Kinetic Models on Networks with Applications Traffic Flow and Supply Chains

具有应用流量和供应链的网络动力学模型

• 批准号: 79828029
• 负责人: Professor Dr. Michael Herty
• 金额: --
• 依托单位: Lehr- und Forschungsgebiet Mathematik - Kontinuierliche Optimierung
• 依托单位国家: 德国
• 项目类别: Research Grants
• 财政年份: 2008
• 资助国家: 德国
• 起止时间: 2007-12-31 至 2011-12-31
• 项目状态: 已结题
• 来源: https://gepris.dfg.de/gepris/projekt/79828029?language=en
• 关键词: Kinetic; Models; Networks; Applications; Traffic

Kinetic equations can provide a fine-scale description of a variety of physical processes.

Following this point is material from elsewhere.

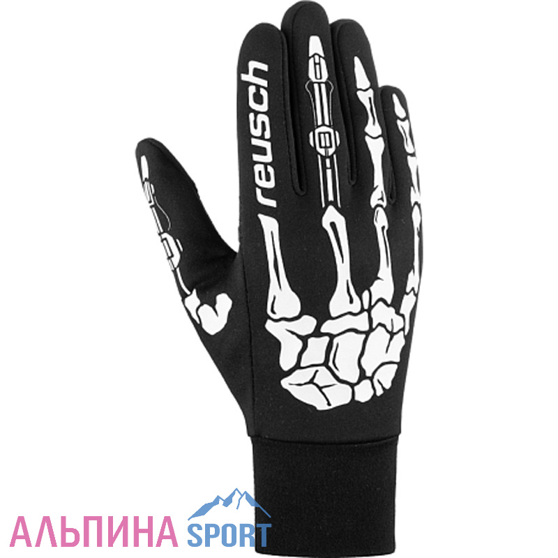 Перчатки REUSCH Ashton Touch-Tec Junior - стильная детская модель, декорированная оригинальным принтом с изображением костей. Эластичный флисовый материал обеспечивает тепло и гибкость, силиконовый принт на ладони гарантирует лучший захват, а вставки Touch-Tec позволяют использовать мобильные устройства даже в перчатках.

We are interested in physical systems where an additional network structure is present. Such systems have been studied in the context of traffic and production networks on a coarse-scale only. Coarse scale or macroscopic models are based on partial differential equations (PDEs) for averaged quantities whereas fine scale models are based on PDEs for distribution functions. Considering a network topology many processes on different arcs have to be coupled by suitable coupling conditions. In the case of macroscopic models their detailed form is a point of ongoing discussion. In this proposal we start from a kinetic description of Boltzmann type with applications in traffic flow, supply chains as well as gas dynamics. The kinetic equations describe the dynamics on the arcs on the finest possible scale. Coupling conditions for the dynamics at vertices arise naturally due to the linear structure of these equations. Besides the analysis of these coupled systems we are interested in the coupling conditions obtained by introducing averaged quantities at the vertex using moment closure relations. This introduces possible nonlinear macroscopic coupling conditions. We compare these newly obtained conditions with already known coupling conditions for the macroscopic models. Additionally, we include discrete decisions in the coupling conditions. These decisions can model for example instantaneous switching between different modes of operation or planning and design decisions. For the simulation of networks governed by kinetic models, coupling conditions and possibly discrete decisionSj we introduce an appropriate formulation by discretization and reformulation as mixed-integer programming problems. We give numerical results for traffic flow and supply chain applications and compare these results with existing macroscopic approaches. In particular, we discuss a multi-scale approach combining parts of the production process with highly nonlinear behavior and classical discretization concepts with the mixed-integer formulation.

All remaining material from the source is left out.